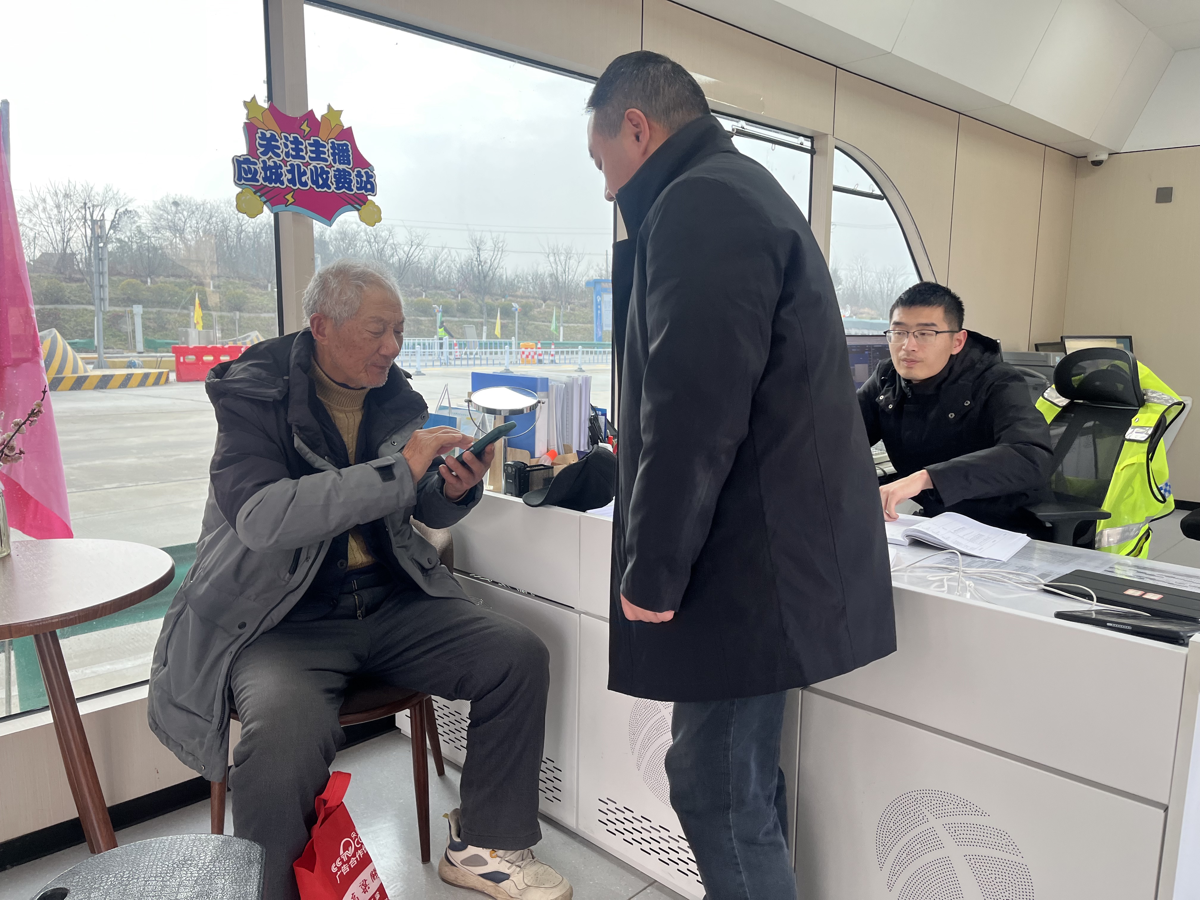 2月10日,在应城北收费站入口处,77岁的周大爷裹着一件褪色棉袄,手拿红色帆布包,颤巍巍地向高速车道挪步。面对即将误入高速的老人,应城北收费站工作人员迅速上前,耐心劝阻,最终将他安全护送至目的地。
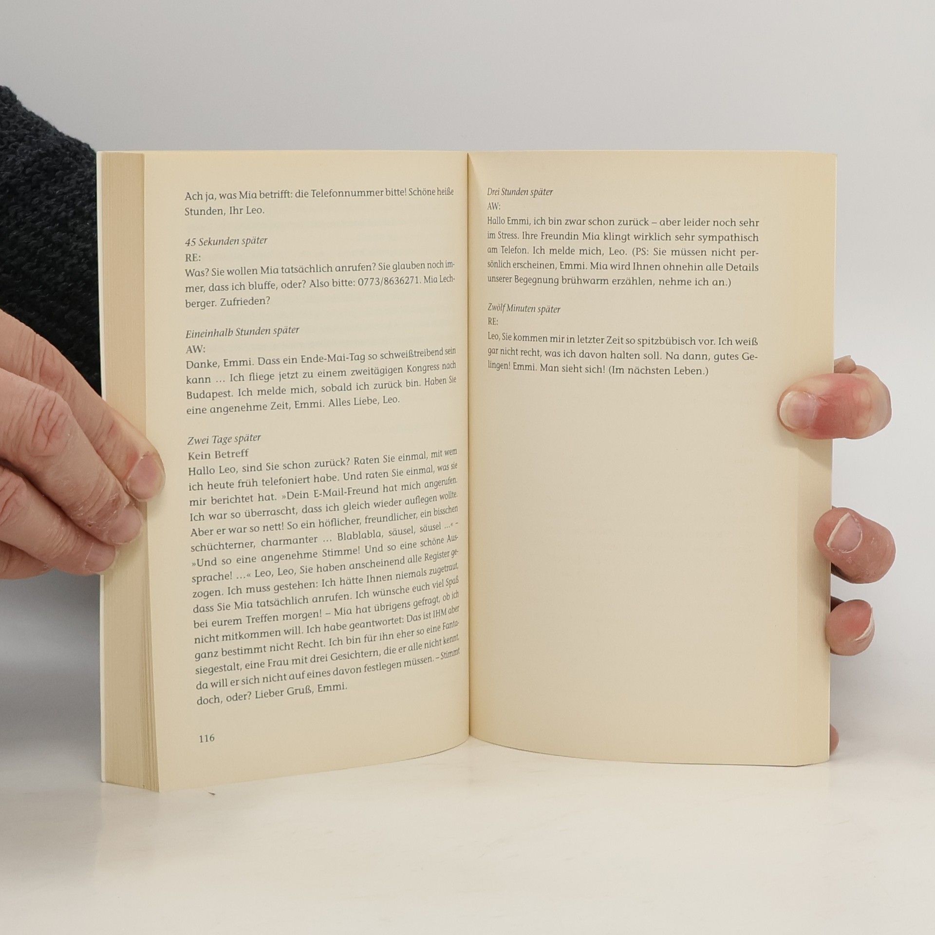 Emmi Rothner möchte per E-Mail ihr Abo der Zeitschrift „Like“ kündigen, doch durch einen Tippfehler landen ihre Nachrichten bei Leo Leike. Als Emmi wieder und wieder E-Mails an die falsche Adresse schickt, klärt Leo sie über den Fehler auf. Es beginnt ein außergewöhnlicher Briefwechsel, wie man ihn nur mit einem Unbekannten führen kann. Auf einem schmalen Grat zwischen totaler Fremdheit und unverbindlicher Intimität kommen sich die beiden immer näher – bis sie sich der unausweichlichen Frage stellen müssen: Werden die gesendeten, empfangenen und gespeicherten Liebesgefühle einer Begegnung standhalten? Und was, wenn ja?
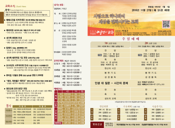 2016년 11월 27일 주보 페이지 정보 작성자 관리지기 작성일16-11-26 12:52 조회15,337회 댓글0건 관련링크 목록 본문 2016년 11월 27일 주보 댓글목록 등록된 댓글이 없습니다. 목록
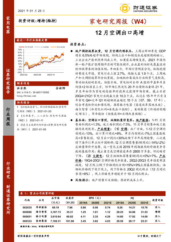 【财通证券】【20210125】20210125-财通证券-家电研究周报(W4):12月空调出口高增-21页
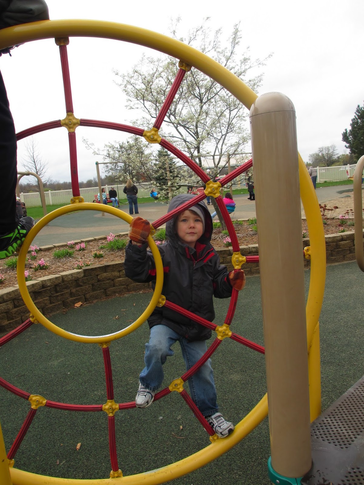 Yesterday was one action packed day with the kids. It started with a delicious breakfast of banana bread french toast, followed by a trip up to Waterford for an Easter Egg Hunt at the Hess-Hathaway park. Then we made it home in time for some wrestling, lunch, and naps. Finally we headed out to Howell for dinner at Arby's (which the kids called "Barbies") and ended the day climbing all over the 5 story tall play structure at
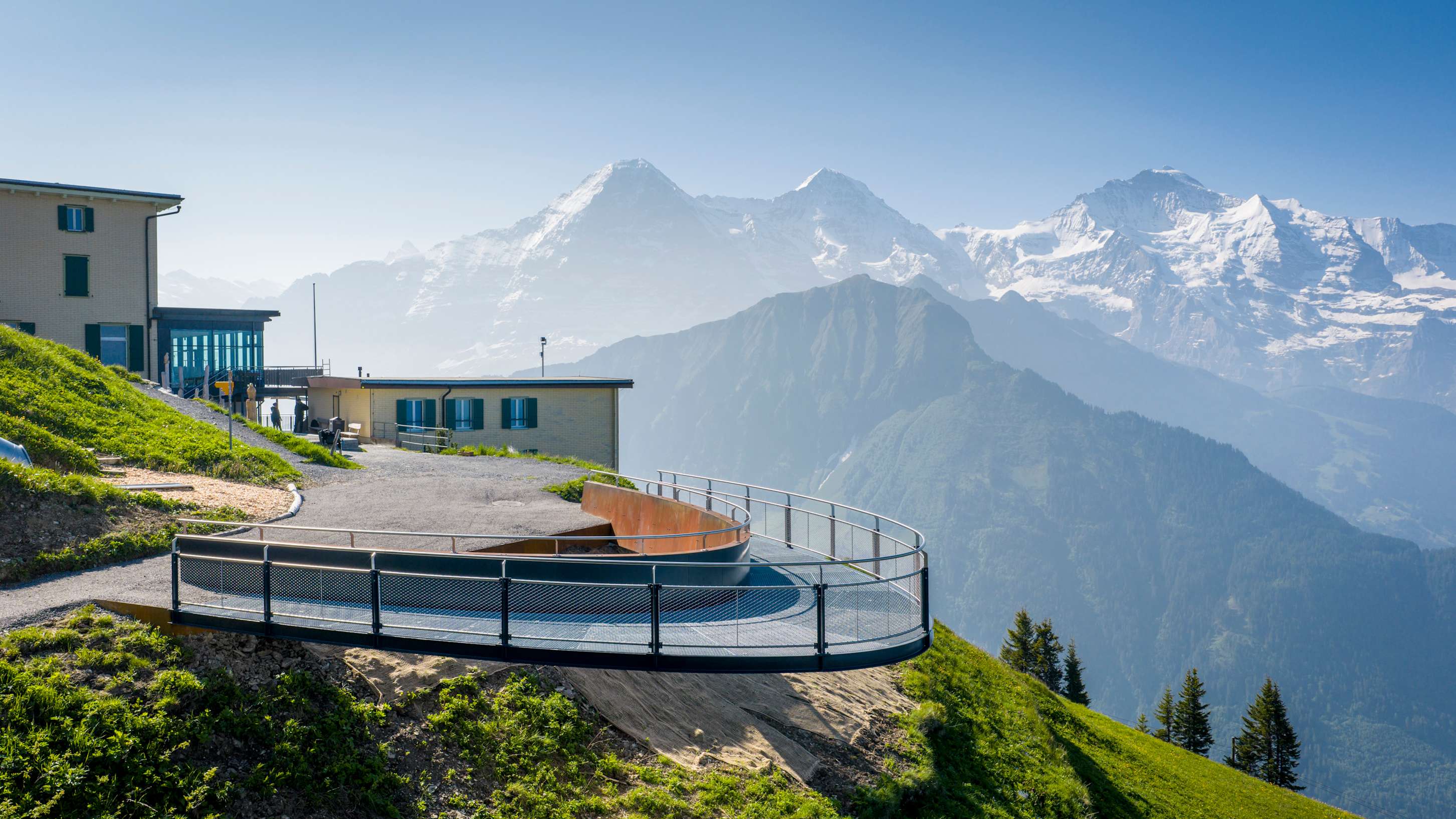 Ein paar Schritte auf dem Schynige Platte Skywalk – und schon eröffnet sich Ihnen ein atemberaubendes Panorama der Berner Alpen. Der Spaziergang über die Aussichtsplattform beim Berghotel Schynige Platte mag kurz sein, doch zu sehen gibt es einiges: Während Sie laufen, wandert Ihr Blick über blühende Alpwiesen und umliegende Gipfel, bis hin zum Thunersee, tief unten im Tal.
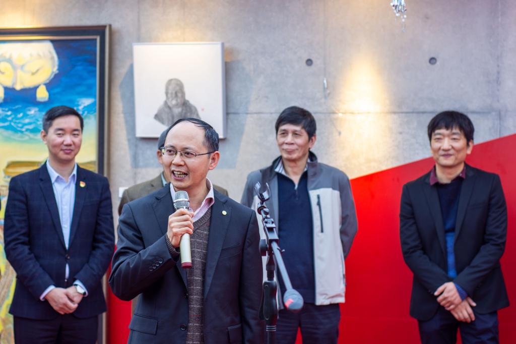 冯身洪在讲话中对赵文梁老师作品展的开幕表示了祝贺,并对赵文梁老师多年来所作出的贡献表示感谢。同时他还对艺术与传媒学院一直以来“深耕艺术以飨校园,勤力教学以育学子”所作出的努力和贡献表示高度赞赏和衷心感谢。
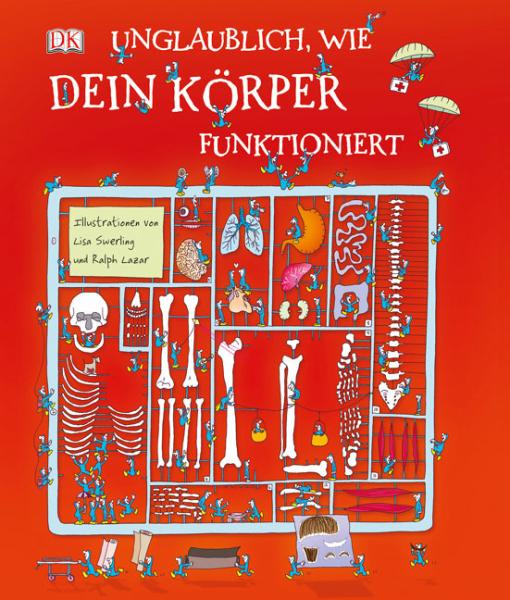 Dieses Kindersachbuch mit den abwechslungsreichen und äusserst peppigen Illustrationen hat sechs doppelt ausklappbare Seiten, auf denen viele Informationen über unserere Körpersysteme wie Verdauung, Atmung, Blutkreislauf, Abwehrsystem, Bewegung und Gehirn geboten werden. Kleine Männchen in Ganzkörperanzügen begleiten die Leserschaft bei einer Art Entdeckungsreise durch unseren Körper und liefern zusätzlich viele wertvolle Informationen. Zwischen den Ausklappseiten befindet sich immer noch eine Sonderseite, auf dieser der Körper aus einer ungewohnten Perspektive betrachtet wird, etwa wie Leben überhaupt entstehen kann oder mit welchen Mitteln das Körperinnere erforscht wird; welche Aufgaben die Haut hat oder wie sich der Mensch verständigt; wie die bekanntesten Ärzte und Mediziner hiessen oder was die moderne Medizin alles ermöglicht. Das Glossar und ein Register runden das ansprechend kunterbunte, sehr informative Sachbuch ab.
⁂
Restate every entry above word for word; no picture belongs in the copy.

 2月10日,在应城北收费站入口处,77岁的周大爷裹着一件褪色棉袄,手拿红色帆布包,颤巍巍地向高速车道挪步。面对即将误入高速的老人,应城北收费站工作人员迅速上前,耐心劝阻,最终将他安全护送至目的地。
 Emmi Rothner möchte per E-Mail ihr Abo der Zeitschrift „Like“ kündigen, doch durch einen Tippfehler landen ihre Nachrichten bei Leo Leike. Als Emmi wieder und wieder E-Mails an die falsche Adresse schickt, klärt Leo sie über den Fehler auf. Es beginnt ein außergewöhnlicher Briefwechsel, wie man ihn nur mit einem Unbekannten führen kann. Auf einem schmalen Grat zwischen totaler Fremdheit und unverbindlicher Intimität kommen sich die beiden immer näher – bis sie sich der unausweichlichen Frage stellen müssen: Werden die gesendeten, empfangenen und gespeicherten Liebesgefühle einer Begegnung standhalten? Und was, wenn ja?
 2016년 11월 27일 주보 페이지 정보 작성자 관리지기 작성일16-11-26 12:52 조회15,337회 댓글0건 관련링크 목록 본문 2016년 11월 27일 주보 댓글목록 등록된 댓글이 없습니다. 목록
 【财通证券】【20210125】20210125-财通证券-家电研究周报(W4):12月空调出口高增-21页
 Yesterday was one action packed day with the kids. It started with a delicious breakfast of banana bread french toast, followed by a trip up to Waterford for an Easter Egg Hunt at the Hess-Hathaway park. Then we made it home in time for some wrestling, lunch, and naps. Finally we headed out to Howell for dinner at Arby's (which the kids called "Barbies") and ended the day climbing all over the 5 story tall play structure at
 Ein paar Schritte auf dem Schynige Platte Skywalk – und schon eröffnet sich Ihnen ein atemberaubendes Panorama der Berner Alpen. Der Spaziergang über die Aussichtsplattform beim Berghotel Schynige Platte mag kurz sein, doch zu sehen gibt es einiges: Während Sie laufen, wandert Ihr Blick über blühende Alpwiesen und umliegende Gipfel, bis hin zum Thunersee, tief unten im Tal.
 冯身洪在讲话中对赵文梁老师作品展的开幕表示了祝贺,并对赵文梁老师多年来所作出的贡献表示感谢。同时他还对艺术与传媒学院一直以来“深耕艺术以飨校园,勤力教学以育学子”所作出的努力和贡献表示高度赞赏和衷心感谢。
 Dieses Kindersachbuch mit den abwechslungsreichen und äusserst peppigen Illustrationen hat sechs doppelt ausklappbare Seiten, auf denen viele Informationen über unserere Körpersysteme wie Verdauung, Atmung, Blutkreislauf, Abwehrsystem, Bewegung und Gehirn geboten werden. Kleine Männchen in Ganzkörperanzügen begleiten die Leserschaft bei einer Art Entdeckungsreise durch unseren Körper und liefern zusätzlich viele wertvolle Informationen. Zwischen den Ausklappseiten befindet sich immer noch eine Sonderseite, auf dieser der Körper aus einer ungewohnten Perspektive betrachtet wird, etwa wie Leben überhaupt entstehen kann oder mit welchen Mitteln das Körperinnere erforscht wird; welche Aufgaben die Haut hat oder wie sich der Mensch verständigt; wie die bekanntesten Ärzte und Mediziner hiessen oder was die moderne Medizin alles ermöglicht. Das Glossar und ein Register runden das ansprechend kunterbunte, sehr informative Sachbuch ab.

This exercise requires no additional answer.